> Work to complete:
Return all of the data verbatim, dropping any picture.

Data segment below:

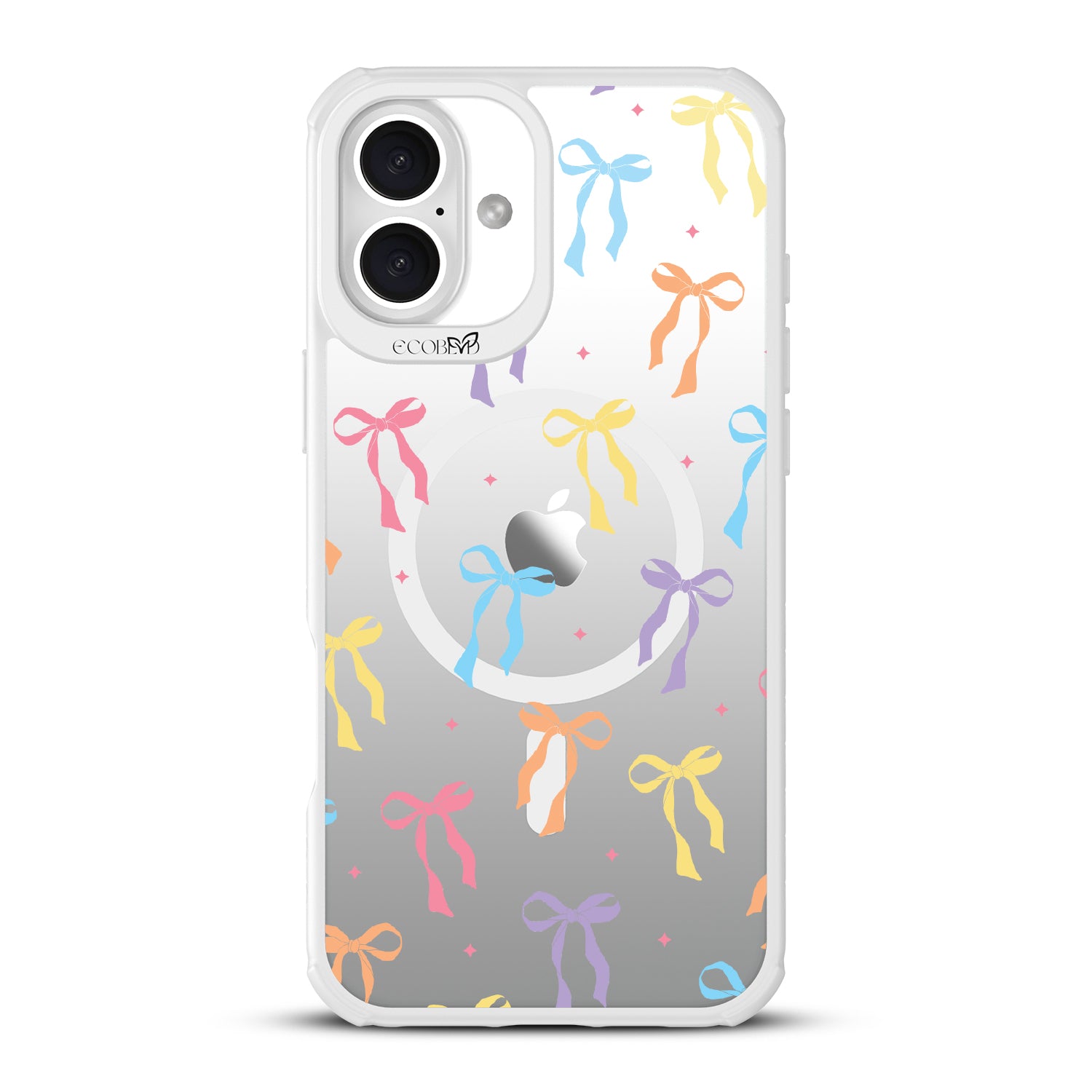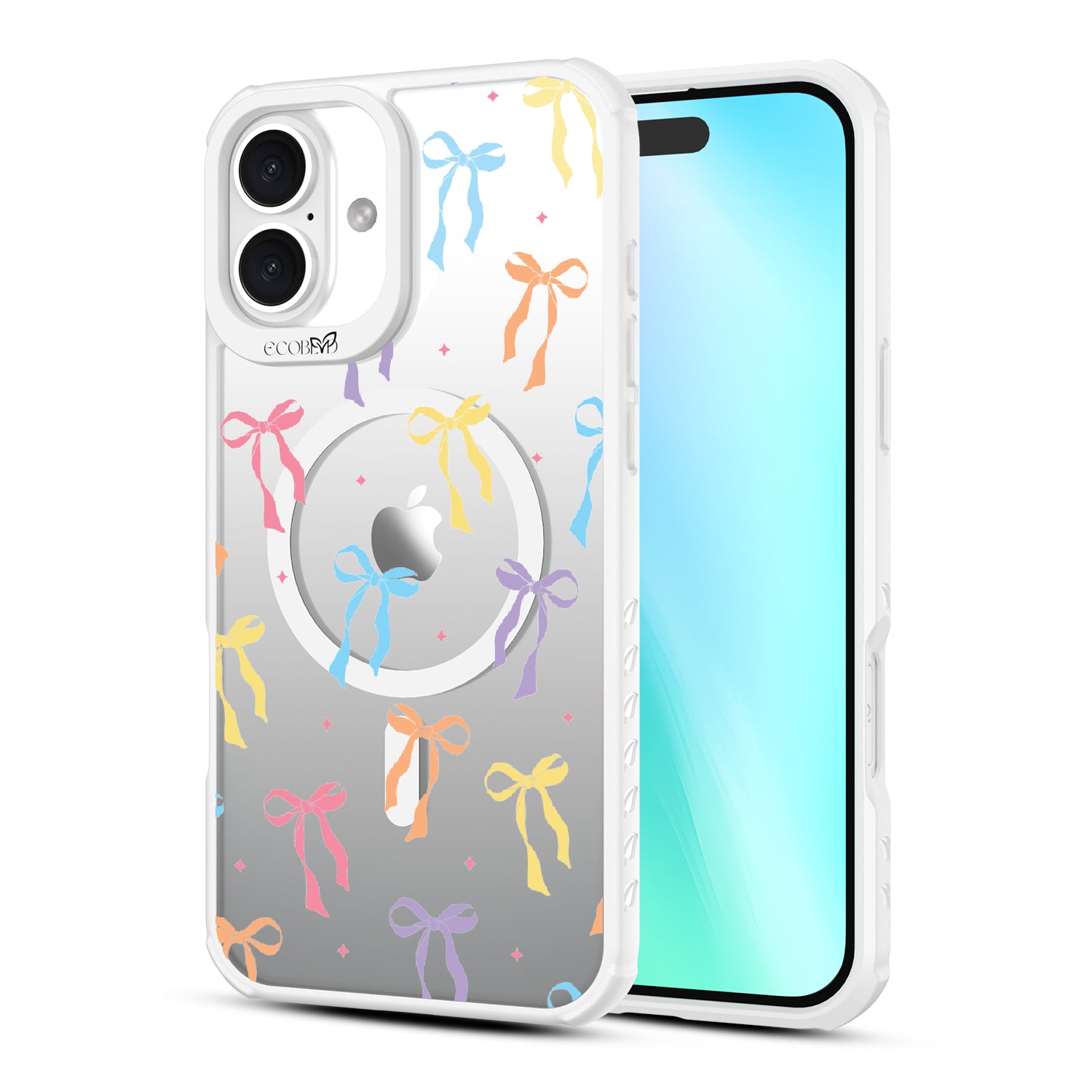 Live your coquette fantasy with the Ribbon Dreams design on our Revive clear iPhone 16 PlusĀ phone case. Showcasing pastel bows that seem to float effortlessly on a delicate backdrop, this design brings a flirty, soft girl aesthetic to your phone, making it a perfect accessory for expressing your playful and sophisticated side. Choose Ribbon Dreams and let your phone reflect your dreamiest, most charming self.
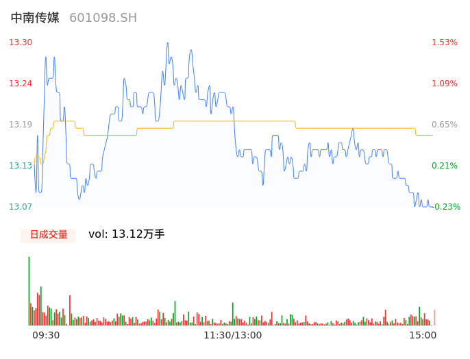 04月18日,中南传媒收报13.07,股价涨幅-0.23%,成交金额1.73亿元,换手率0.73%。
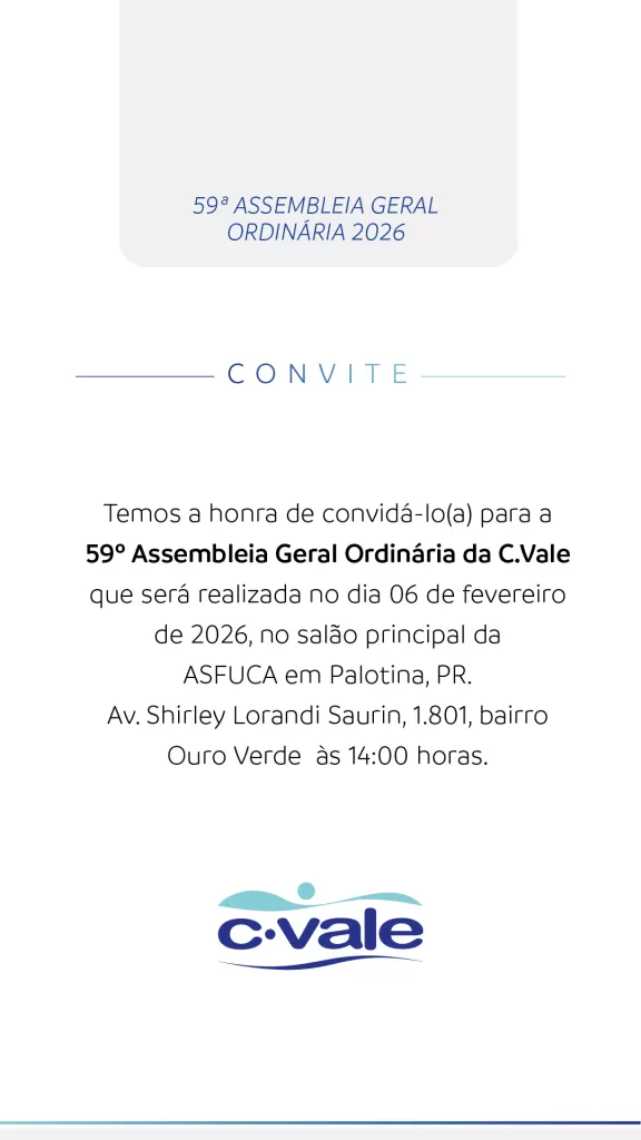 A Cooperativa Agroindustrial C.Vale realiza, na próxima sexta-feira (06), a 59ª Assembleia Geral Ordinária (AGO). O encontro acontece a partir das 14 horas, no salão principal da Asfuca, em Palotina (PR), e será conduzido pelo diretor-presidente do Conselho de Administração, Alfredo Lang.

End of Data segment.

> Solution for this task:
 Live your coquette fantasy with the Ribbon Dreams design on our Revive clear iPhone 16 PlusĀ phone case. Showcasing pastel bows that seem to float effortlessly on a delicate backdrop, this design brings a flirty, soft girl aesthetic to your phone, making it a perfect accessory for expressing your playful and sophisticated side. Choose Ribbon Dreams and let your phone reflect your dreamiest, most charming self.
 04月18日,中南传媒收报13.07,股价涨幅-0.23%,成交金额1.73亿元,换手率0.73%。
 A Cooperativa Agroindustrial C.Vale realiza, na próxima sexta-feira (06), a 59ª Assembleia Geral Ordinária (AGO). O encontro acontece a partir das 14 horas, no salão principal da Asfuca, em Palotina (PR), e será conduzido pelo diretor-presidente do Conselho de Administração, Alfredo Lang.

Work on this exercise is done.